Venezuelan opposition leader Maria Corina Machado gave her Nobel Peace Prize medal to US President Donald Trump on Thursday during a White House meeting, as she tries to gain some influence over how the president shapes the South American country's political future.

A White House official confirmed that Trump intends to keep the medal.

In a social media post on Thursday evening, Trump wrote: "Maria presented me with her Nobel Peace Prize for the work I have done. Such a wonderful gesture of mutual respect. Thank you Maria!"

Machado, who described the meeting as "excellent," said the gift was in recognition of what she called his commitment to the freedom of the Venezuelan people.

Machado's attempt to sway Trump came after he dismissed the idea of installing her as Venezuela's leader to replace the deposed Nicolas Maduro. Trump openly campaigned for the prize before Machado was awarded it last month and complained bitterly when he was snubbed.


Asked on Wednesday if he wanted Machado to give him the prize, Trump told Reuters: "No, I didn't say that. She won the Nobel Peace Prize." The Republican president long expressed interest in winning the prize and has at times linked it to diplomatic achievements.
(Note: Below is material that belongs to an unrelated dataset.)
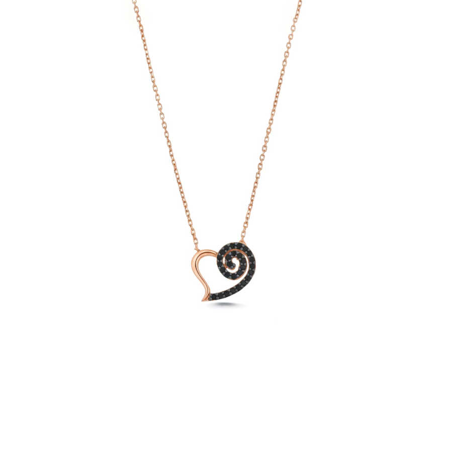 Zarif formu ve derin anlamıyla öne çıkan bu 925 ayar gümüş kolye, siyah taşlarla bezenmiş kalp figürüyle tutkulu, güçlü ve gizemli aşkı simgeler.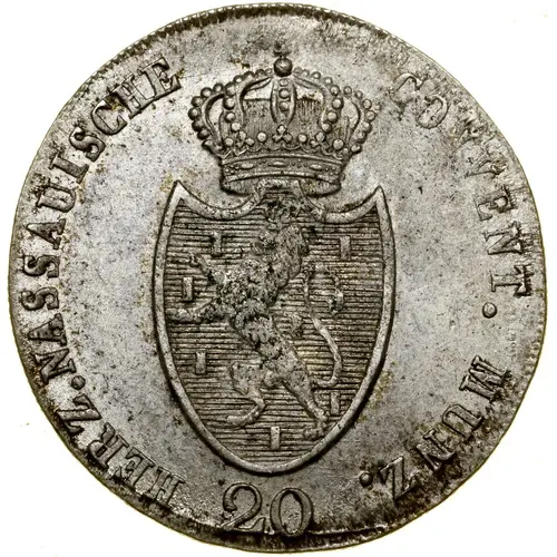 | Obverse lettering | HERZ. NASSAUISCHE CONVENT. MÜNZ. 20 |

Though Machado gave Trump the gold medal that honorees receive with the prize, the honor remains hers; the Norwegian Nobel Institute has said the prize cannot be transferred, shared or revoked.

Asked on Wednesday if he wanted Machado to give him the prize, Trump told Reuters: "No, I didn't say that. She won the Nobel Peace Prize."

The Republican president long expressed interest in winning the prize and has at times linked it to diplomatic achievements.

The lunch meeting, which appeared to last slightly over an hour, marked the first time the two have met in person. Machado then met with more than a dozen senators, both Republican and Democratic, on Capitol Hill, where she has generally found more enthusiastic allies.

While the visit was ongoing, White House press secretary Karoline Leavitt said Trump had been looking forward to meeting Machado, but that he stood by his "realistic" assessment that she did not currently have the support needed to lead the country in the short term.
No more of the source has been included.